(Problem to solve) Beneath this line is the data. Output exactly the lines from the line with "Studymate Coloured Pencils" to the line with "elegance with a", both ends included, and nothing more.

(Provided records)
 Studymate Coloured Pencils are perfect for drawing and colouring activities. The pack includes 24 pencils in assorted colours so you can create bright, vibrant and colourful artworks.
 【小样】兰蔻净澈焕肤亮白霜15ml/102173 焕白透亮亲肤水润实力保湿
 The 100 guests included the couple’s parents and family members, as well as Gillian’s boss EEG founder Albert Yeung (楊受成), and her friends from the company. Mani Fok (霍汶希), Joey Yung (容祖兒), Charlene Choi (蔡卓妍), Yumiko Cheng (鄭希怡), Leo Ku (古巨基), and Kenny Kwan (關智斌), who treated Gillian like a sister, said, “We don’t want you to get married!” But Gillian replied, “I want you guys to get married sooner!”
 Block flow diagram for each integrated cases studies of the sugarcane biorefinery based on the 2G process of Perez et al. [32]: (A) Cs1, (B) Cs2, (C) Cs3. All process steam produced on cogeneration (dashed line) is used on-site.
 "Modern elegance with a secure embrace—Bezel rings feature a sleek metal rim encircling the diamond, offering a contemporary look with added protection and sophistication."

---

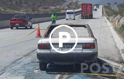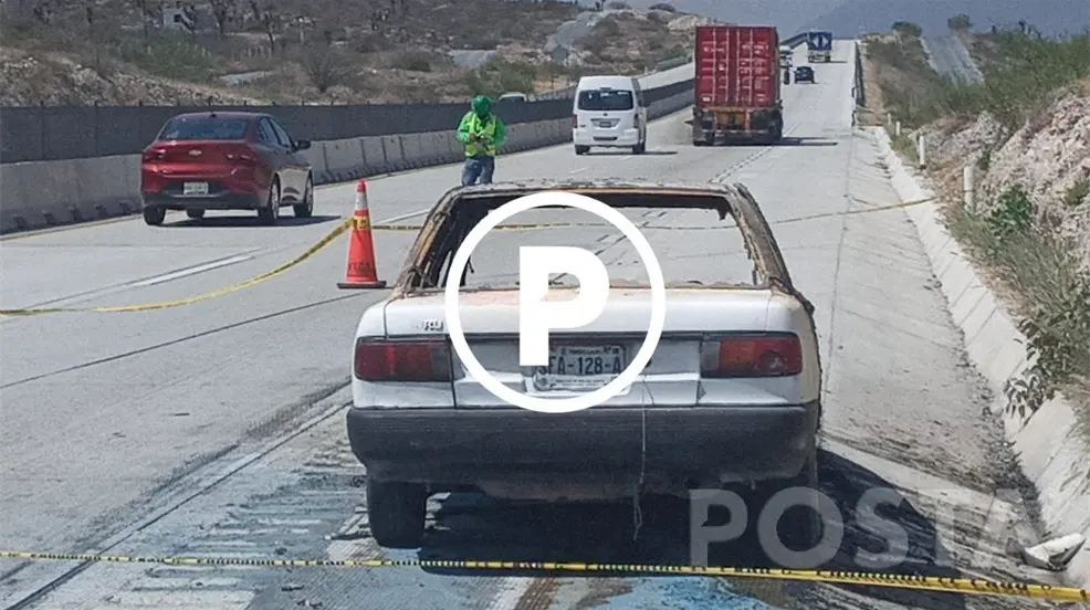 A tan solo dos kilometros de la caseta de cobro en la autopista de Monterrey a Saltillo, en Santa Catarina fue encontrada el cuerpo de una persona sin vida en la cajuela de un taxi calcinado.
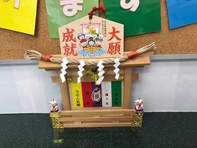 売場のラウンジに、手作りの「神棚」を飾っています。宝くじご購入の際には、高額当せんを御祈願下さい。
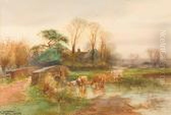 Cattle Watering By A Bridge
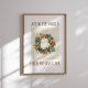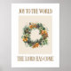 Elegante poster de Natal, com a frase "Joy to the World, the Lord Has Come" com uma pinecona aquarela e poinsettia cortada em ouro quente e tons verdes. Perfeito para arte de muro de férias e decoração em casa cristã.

(Written answer)
 Studymate Coloured Pencils are perfect for drawing and colouring activities. The pack includes 24 pencils in assorted colours so you can create bright, vibrant and colourful artworks.
 【小样】兰蔻净澈焕肤亮白霜15ml/102173 焕白透亮亲肤水润实力保湿
 The 100 guests included the couple’s parents and family members, as well as Gillian’s boss EEG founder Albert Yeung (楊受成), and her friends from the company. Mani Fok (霍汶希), Joey Yung (容祖兒), Charlene Choi (蔡卓妍), Yumiko Cheng (鄭希怡), Leo Ku (古巨基), and Kenny Kwan (關智斌), who treated Gillian like a sister, said, “We don’t want you to get married!” But Gillian replied, “I want you guys to get married sooner!”
 Block flow diagram for each integrated cases studies of the sugarcane biorefinery based on the 2G process of Perez et al. [32]: (A) Cs1, (B) Cs2, (C) Cs3. All process steam produced on cogeneration (dashed line) is used on-site.
 "Modern elegance with a secure embrace—Bezel rings feature a sleek metal rim encircling the diamond, offering a contemporary look with added protection and sophistication."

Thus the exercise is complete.